EXERCISE BRIEF |
Before returning the data, strip out the pictures and keep everything else exactly the same.

RECORDS TO PROCESS |
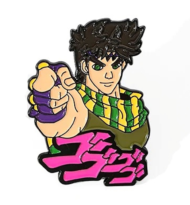 This is a 1.8755″ high x 1.375″ wide metal enamel pin featuring Joseph “JoJo” Joestar pointing, from the popular Japanese manga series JoJo’s Bizarre Adventure. It is in new, unused condition stored in a smoke and pet free environment.
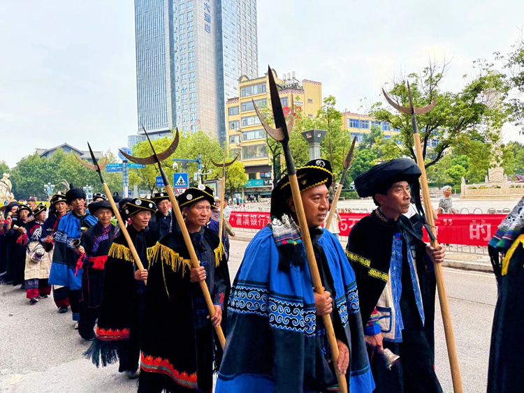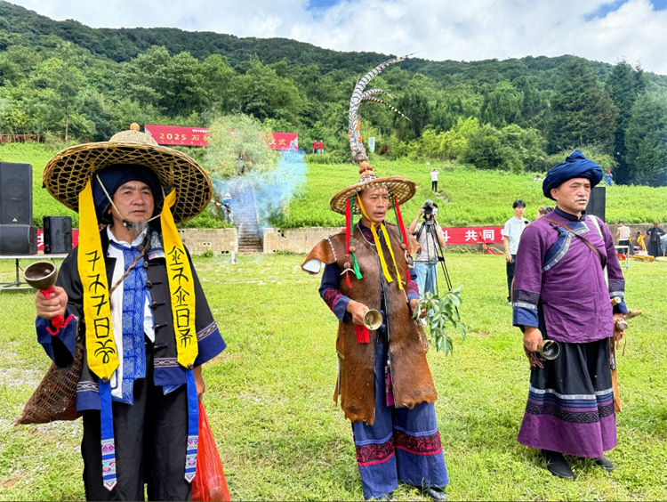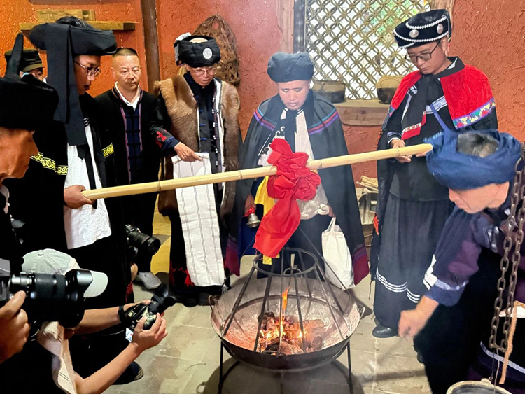清晨,由身著畢摩服飾的畢摩長者,懷着對“火神”的敬畏和崇拜,持著法器,手托祭品,伴著空曠的銅鑼聲,邁著沉穩而整齊的步伐,口中吟誦著古老的祝詞,護送舊火前往圭山,寓意著告別過去一年的災禍與不順,祈求新的一年平安順遂。 隨著喜炮驟然炸響,清脆而悠長的銅鑼聲隨即回蕩開來。 整個過程井然有序,每一個環節都透著對傳統習俗的深切敬畏,盡顯儀式的莊嚴與神聖。
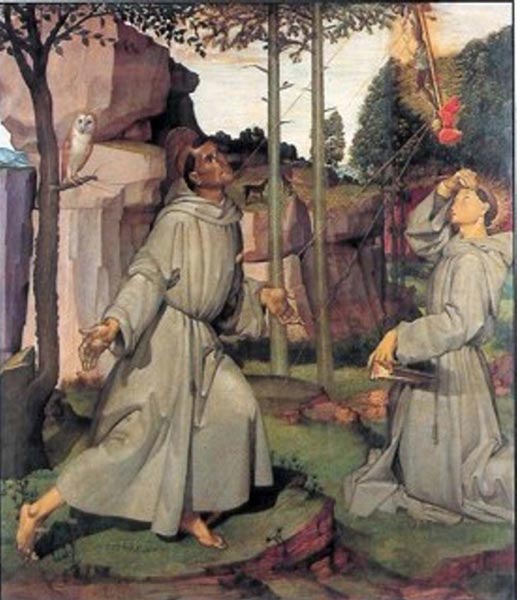 Da documenti ritrovati nell'archivio dell'ospedale locale, la Fraternita di Santa Maria della Misericordia commissionò l'opera il 2 ottobre 1486 per collocarla nell'altare detto "delle stimmate" all'interno della chiesa di San Francesco.
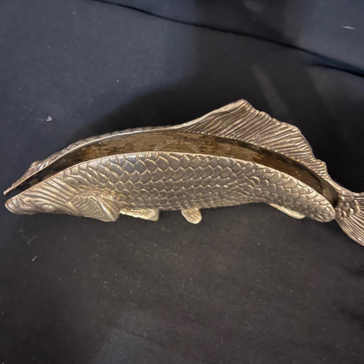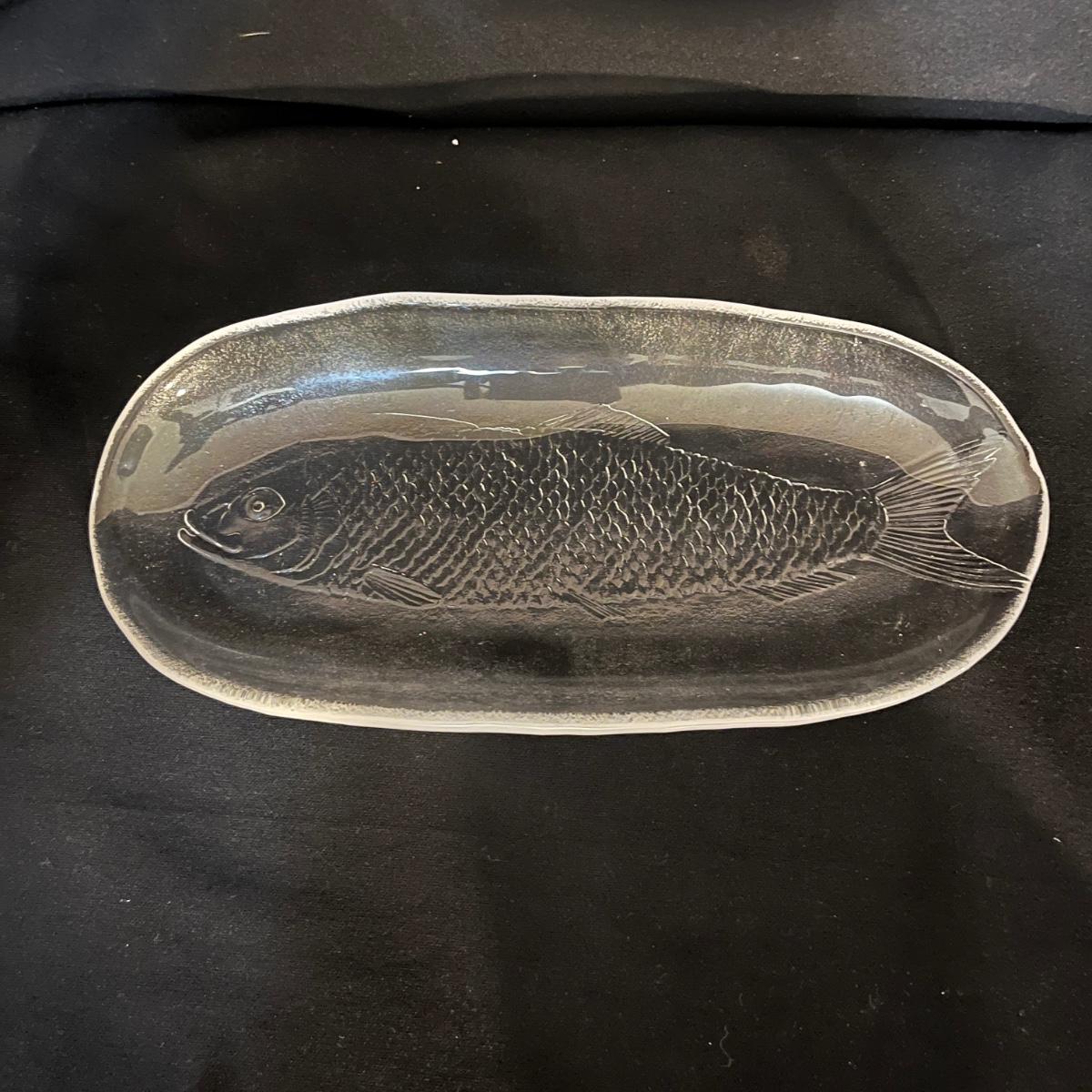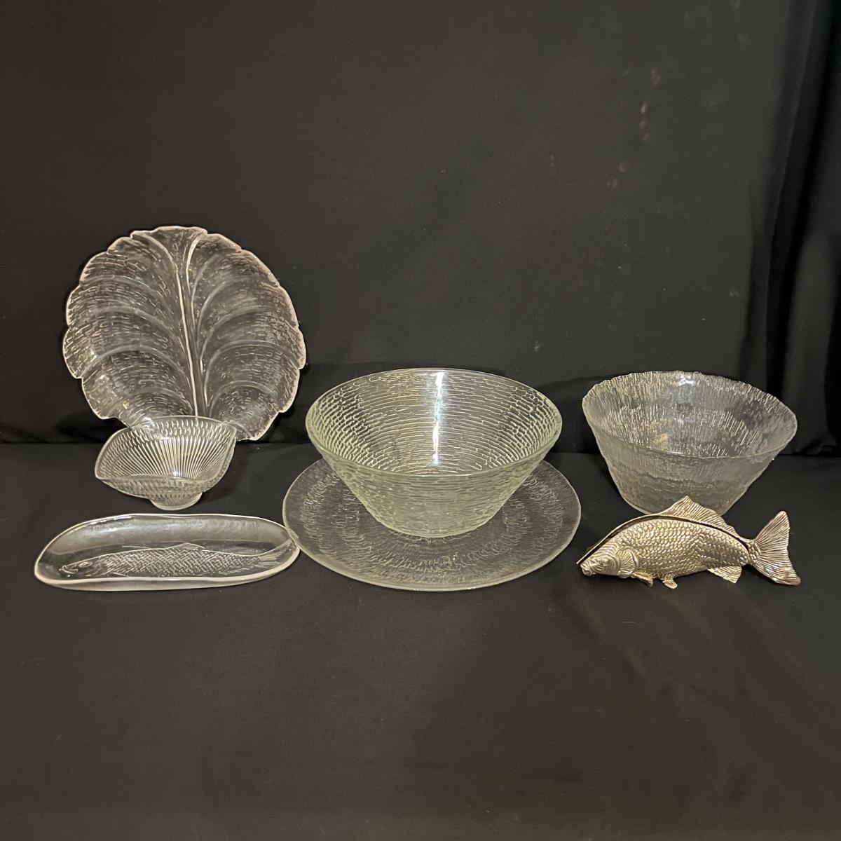 Lot includes matching fruit bowl and plate, leaf shaped plate, large fruit bowl, oblong fish adorned plate and a metal fish shaped letter holder. Largest bowl measures 11”D x 5”H.
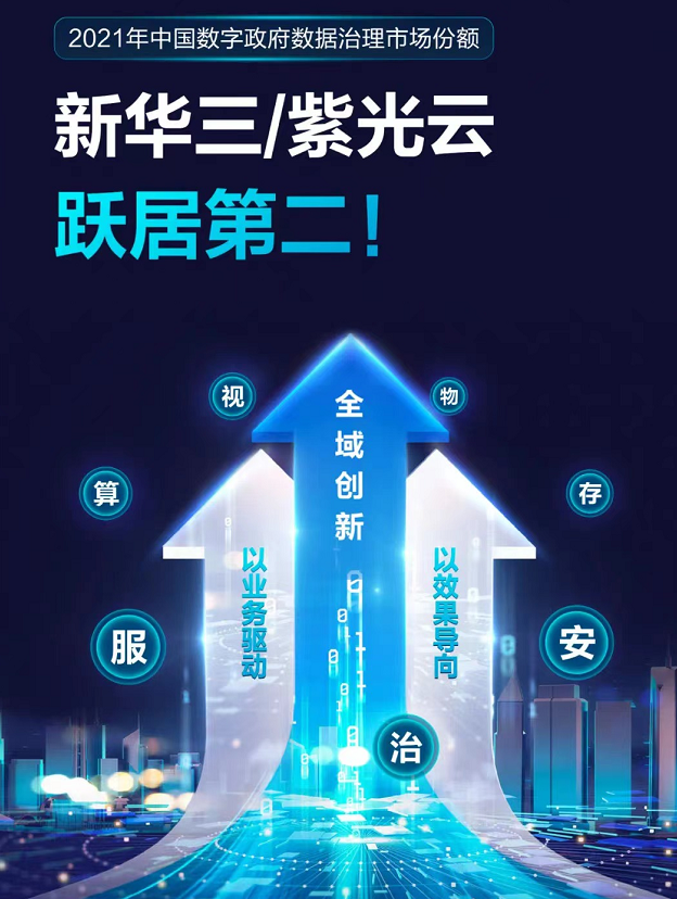 9月,IDC发布了最新的《中国数字政府数据治理市场厂商份额,2021》,紫光股份旗下新华三集团和紫光云以5.9%的市场份额位居中国市场第二位,展现了其在赋能数据资源开发利用,推动政府治理体系和治理能力现代化上的实力与价值。
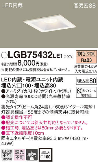 Panasonic ¥À¥¦¥ó¥é¥¤¥È LGB75432LE1
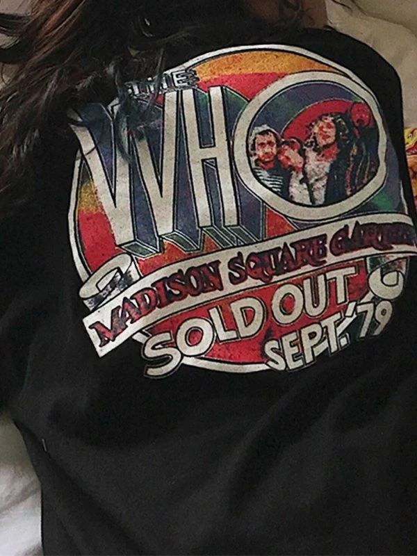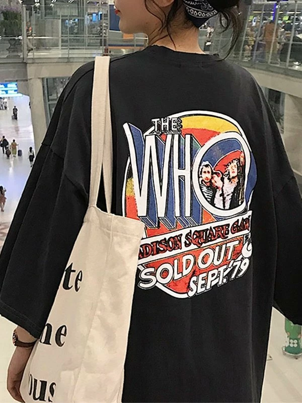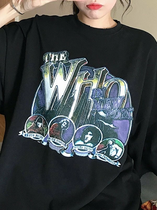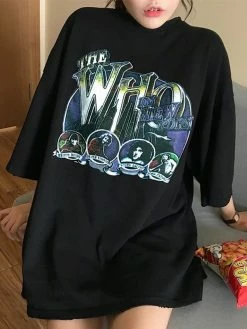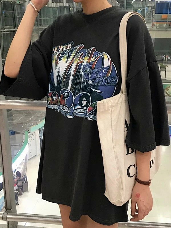 Description: Cuts to a longline silhouette, features dropped arms, and a design of rock band graphic at front & back.
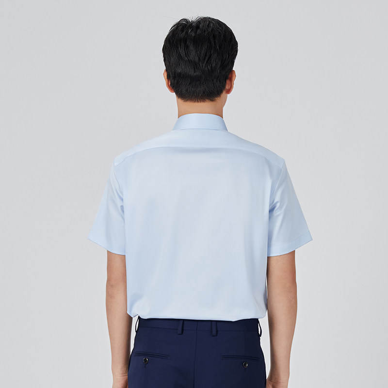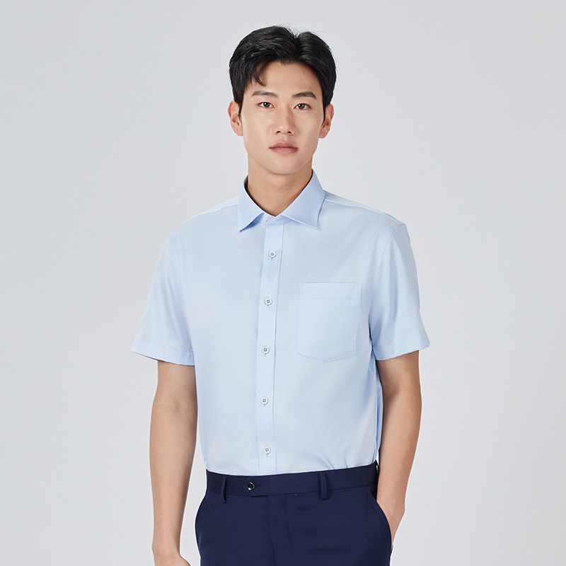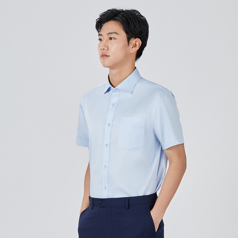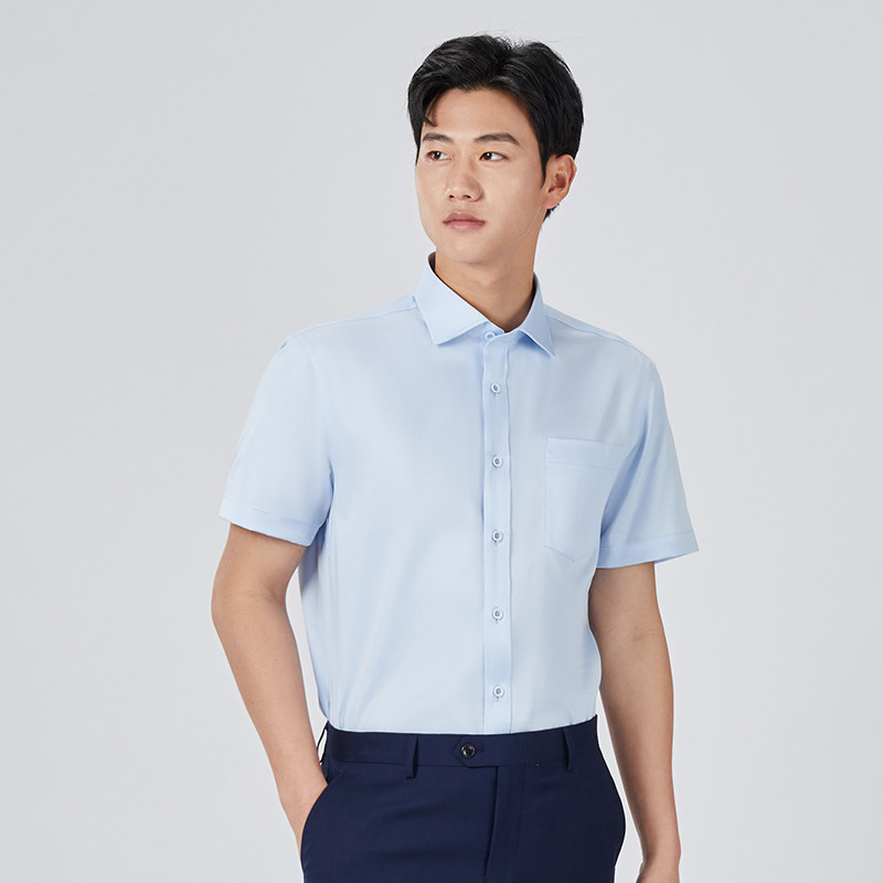 乔治白春夏男士短袖衬衫浅蓝温莎领衬衣直筒微弹商务休闲上衣口袋
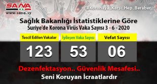 ŞAM – Sağlık Bakanlığı bugün, Suriye’de tescil edilen korona virüs vakalarından 3’ünün şifa bulduğunu böylece şifa bulan va sayısının 53’e yükseldiğini ilan etti. Bakanlık yayınladığı ve SANA’nın bir nüshasını aldığı …
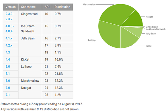 A Nougat ugyan két százalékpontos erősödést tud felmutatni, viszont a 7.1.1-es verzió 1,3% százalékát hozzáadva sem éri el a KitKat 16%-os jelenlétét. A legkorábbi szoftververziók meglepő módom még mindig nem csúsztak be a statisztikai hibahatár alá, így mérhető, bár nagyon alacsony arányban vannak jelen a piacon, de legalább stagnálnak. Ezzel szemben a Marshmallow az elmúlt két hónapban némiképp erősödött is. A statisztikák nem mozdulnak szignifikáns mértékben, annak ellenére sem, hogy az Android 8.0 elvileg a héten startol.

SOLUTION TO THIS EXERCISE |
 This is a 1.8755″ high x 1.375″ wide metal enamel pin featuring Joseph “JoJo” Joestar pointing, from the popular Japanese manga series JoJo’s Bizarre Adventure. It is in new, unused condition stored in a smoke and pet free environment.
清晨,由身著畢摩服飾的畢摩長者,懷着對“火神”的敬畏和崇拜,持著法器,手托祭品,伴著空曠的銅鑼聲,邁著沉穩而整齊的步伐,口中吟誦著古老的祝詞,護送舊火前往圭山,寓意著告別過去一年的災禍與不順,祈求新的一年平安順遂。 隨著喜炮驟然炸響,清脆而悠長的銅鑼聲隨即回蕩開來。 整個過程井然有序,每一個環節都透著對傳統習俗的深切敬畏,盡顯儀式的莊嚴與神聖。
 Da documenti ritrovati nell'archivio dell'ospedale locale, la Fraternita di Santa Maria della Misericordia commissionò l'opera il 2 ottobre 1486 per collocarla nell'altare detto "delle stimmate" all'interno della chiesa di San Francesco.
 Lot includes matching fruit bowl and plate, leaf shaped plate, large fruit bowl, oblong fish adorned plate and a metal fish shaped letter holder. Largest bowl measures 11”D x 5”H.
 9月,IDC发布了最新的《中国数字政府数据治理市场厂商份额,2021》,紫光股份旗下新华三集团和紫光云以5.9%的市场份额位居中国市场第二位,展现了其在赋能数据资源开发利用,推动政府治理体系和治理能力现代化上的实力与价值。
 Panasonic ¥À¥¦¥ó¥é¥¤¥È LGB75432LE1
 Description: Cuts to a longline silhouette, features dropped arms, and a design of rock band graphic at front & back.
 乔治白春夏男士短袖衬衫浅蓝温莎领衬衣直筒微弹商务休闲上衣口袋
 ŞAM – Sağlık Bakanlığı bugün, Suriye’de tescil edilen korona virüs vakalarından 3’ünün şifa bulduğunu böylece şifa bulan va sayısının 53’e yükseldiğini ilan etti. Bakanlık yayınladığı ve SANA’nın bir nüshasını aldığı …
 A Nougat ugyan két százalékpontos erősödést tud felmutatni, viszont a 7.1.1-es verzió 1,3% százalékát hozzáadva sem éri el a KitKat 16%-os jelenlétét. A legkorábbi szoftververziók meglepő módom még mindig nem csúsztak be a statisztikai hibahatár alá, így mérhető, bár nagyon alacsony arányban vannak jelen a piacon, de legalább stagnálnak. Ezzel szemben a Marshmallow az elmúlt két hónapban némiképp erősödött is. A statisztikák nem mozdulnak szignifikáns mértékben, annak ellenére sem, hogy az Android 8.0 elvileg a héten startol.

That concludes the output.